De Kristen Stewart (USA France Lettonie 2024)
Avec Imogen Poots (Lidia Yukaanvitch) Thora Bich (Claudia la sœur) James Belushi (l’écrivain Ken Kesey) Michael Epp (Mike) Charles Carrick (Andy Mingo) Tom Sturridge (Devin) Susannah Flood (Dorothy)Anna Wittowsky (Lidia enfant) Kim Gordon (la photographe)
Adapté du best-seller autobiographique de Lidia Yuknavitch La mécanique des fluides
Cannes 2025 Un Certain Regard
Festival Deauville 2025 Prix de la Révélation
Ayant grandi dans un environnement ravagé par la violence et l’alcool, Lidia, une jeune femme, peine à trouver sa voie.
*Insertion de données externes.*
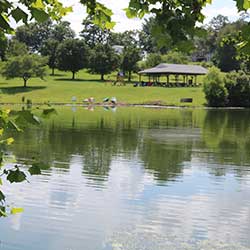 A picturesque setting for company gatherings or family picnics, featuring a bonfire pit, a small playground, and a well-stocked fishing pond.
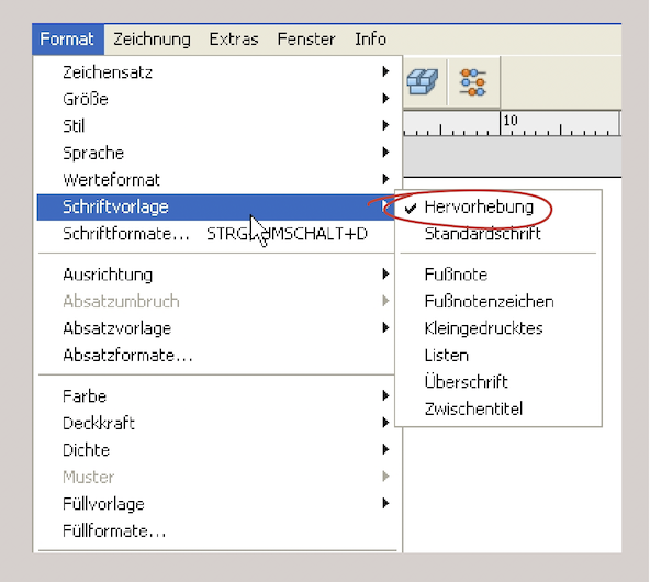 Ordnen Sie aber einem Text eine weitere Vorlage aus dem Hilfsmittel-Dokument zu (z. B. Textstelle auswählen «Format ➝ Schriftvorlage ➝ Hervorhebung»), so erscheint diese Vorlage sofort auch im Inventar des Dokumentes (siehe Abb. 1.24). Gleichzeitig wird sie im Einblendmenü oberhalb statt unterhalb des Striches dargestellt (siehe Abb. 1.25). Beachten Sie, dass bei dieser Vorlagenübernahme das Erben dominiert. Gesetzt also den Fall, dass der Standardschrift-Vorlage unter «RagTime-6-Hilfsmittel» und der Standardschrift-Vorlage in Ihrem aktuellen Dokument verschiedene Schriften zugeordnet sind, so wird die Übernahme der Vorlage «Hervorhebung» nicht etwa die ausgewählte Textstelle mit der „Hilfsmittel-Standardschrift“ anzeigen, sondern mit der «Standardschrift» des aktuellen Dokumentes. Deshalb ist es so wichtig, auch die Erbabhängigkeiten richtig zu definieren.
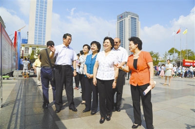 省委常委、宣传部长胡苏平(右三),省人大常委会副主任、省总工会主席田喜荣(右六),省政协副主席李悦娥(右四)观看女职工工作展板
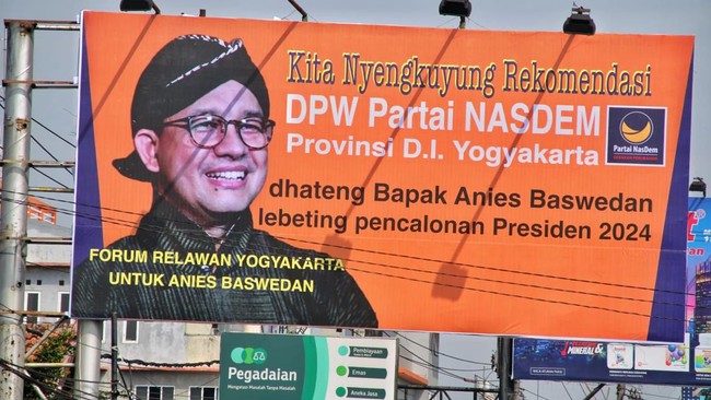 Sejumlah baliho bergambar Anies Baswedan dengan narasi dukungan Capres 2024 muncul di jalanan DI Yogyakarta. Pada baliho itu, terdapat logo partai NasDem.
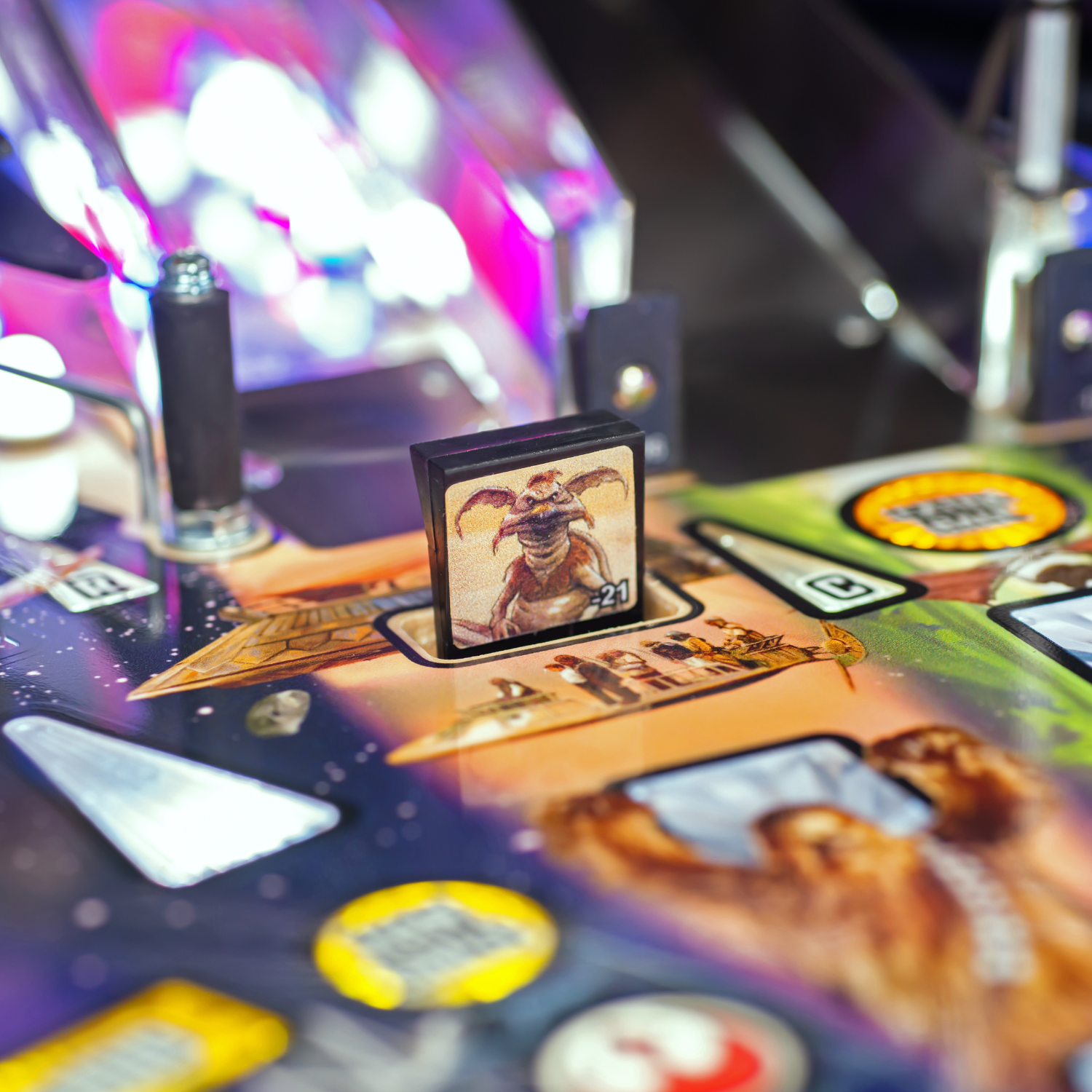 In Stern Pinball’s Star Wars: Fall of the Empire pinball games; players will take part in the adventures that started it all and experience iconic Star Wars-inspired moments through a pinball experience like no other. Players will take down the AT-AT by attaching their snowspeeder’s tow cable and shooting the spiral ramp to send it crashing down, mirroring the breathtaking scene from Star Wars: The Empire Strikes Back. Destroy the Death Star II from Star Wars: Return of the Jedi by lowering shields on the battle station during Death Star Multiball to save the galaxy. Players can also escape from Cloud City when reactivating the Millennium Falcon’s hyperdrive by hitting the center jump ramp to escape to hyperspace. Throughout the pinball experience, players will enter Jabba the Hutt’s Sarlacc Pit, battle stormtroopers, defeat TIE fighters, and even mimic using the Force to save your ball on the journey to defeating the Empire. Feel the power of the dark side as you enjoy special Darth Vader-inspired modes.
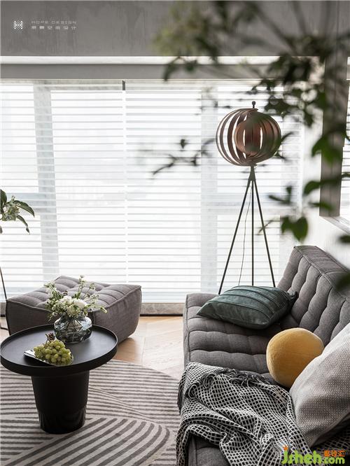 柔軟彈性沙發(fā)搭配創(chuàng)意式落地?zé)?,在休憩的同時(shí)不缺氛圍感。
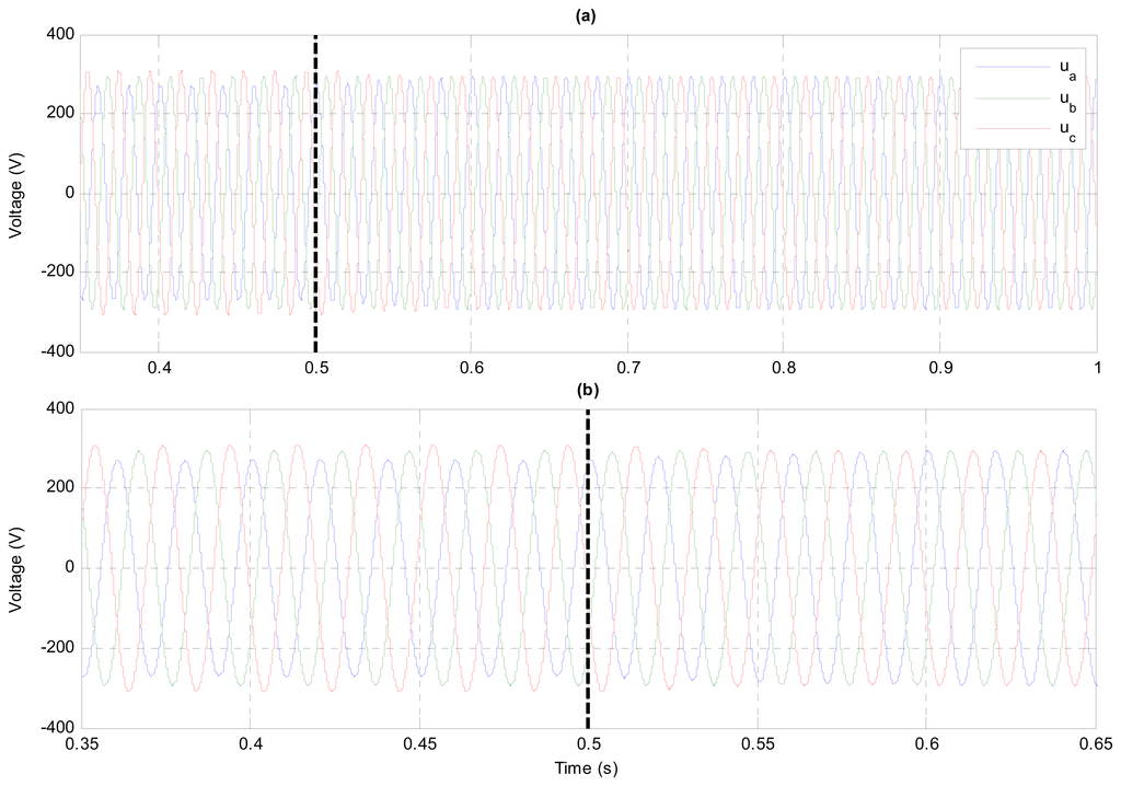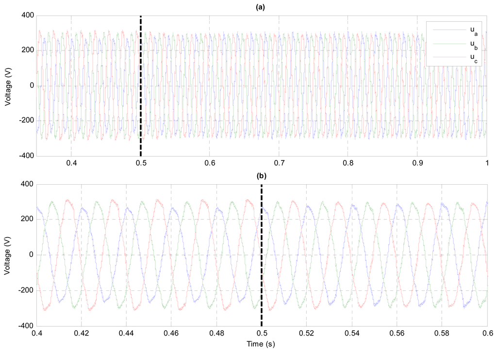The methods studied here for sampling the PCC voltage are similar to those shown in []. With the system configuration defined in Table 1, several methods for performing the PCC voltage sampling are shown in Figure 11 []:
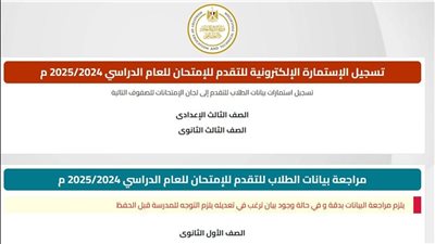 أعلنت وزارة التربية والتعليم والتعليم الفني عن بدء تسجيل استمارة الثانوية العامة يوم الأربعاء 15 يناير 2025، مع استمرار العملية حتى 20 فبراير الجاري.
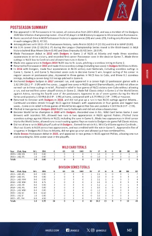◆ Ranks second all-time in MLB Postseason history in appearances (59) and saves (20), trailing only Mariano Rivera
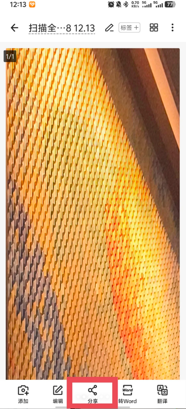 2.点击分享: 处理完成后,点击屏幕下方的 “分享” 按钮。
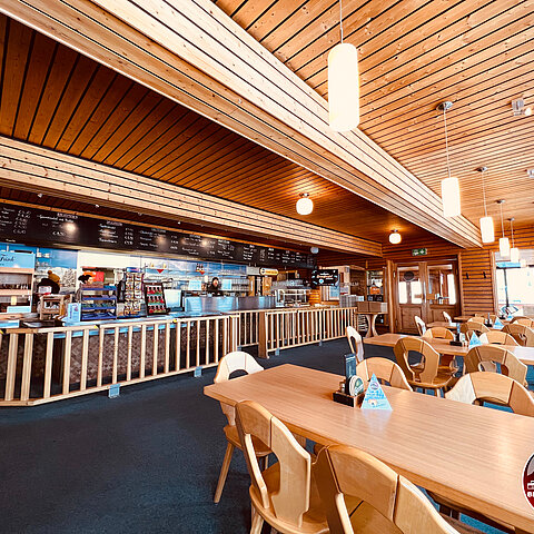 Direkt an der Talstation der Wurzeralm befindet sich das ARENA-TREFF Wurzeralm mit der Kombination aus Aprés Ski Bar, Café und Bistro.
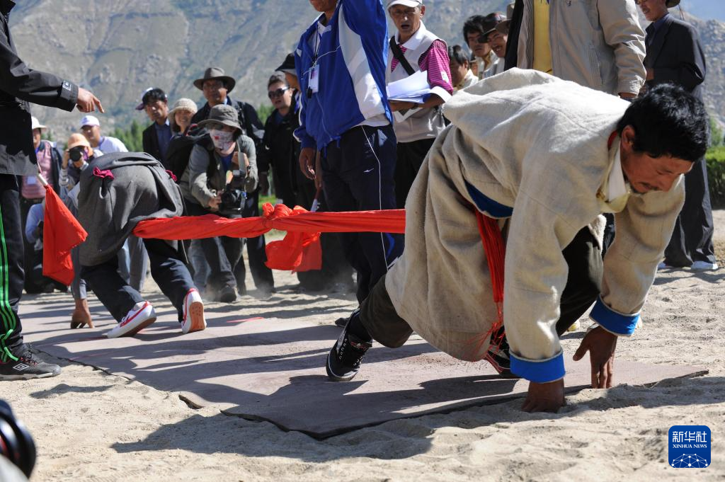 押加是一項(xiàng)在西藏地區(qū)廣為流傳的運(yùn)動(dòng),也被稱(chēng)為“大象拔河”。在比賽中,選手需四肢著地,背對(duì)背彼此發(fā)力,直到一方將中間的墜條拉過(guò)自己一側(cè)的決勝線。

Elle parvient à fuir sa famille et entre à l’université, où elle trouve refuge dans la littérature. Peu à peu, les mots lui offrent une liberté inattendue…
Dès le générique les choix cinématographiques de Kristen Stewart crèvent l’écran : éclatement chronologique et fragmentation (morcellement de l’image et arrêt brusque) pellicule 16mm (en lieu et place du numérique car il s’agissait d’entendre battre le cœur de la caméra, donner une texture de mémoire et de laisser au spectateur le soin de combler les vides). Choix en harmonie d’ailleurs avec le roman dont s’inspire la réalisatrice (la mécanique des fluides de Lidia Yukanavitch, laquelle tend à son lecteur « des éclats d’une vie en exigeant que vous les assembliez vous-même »)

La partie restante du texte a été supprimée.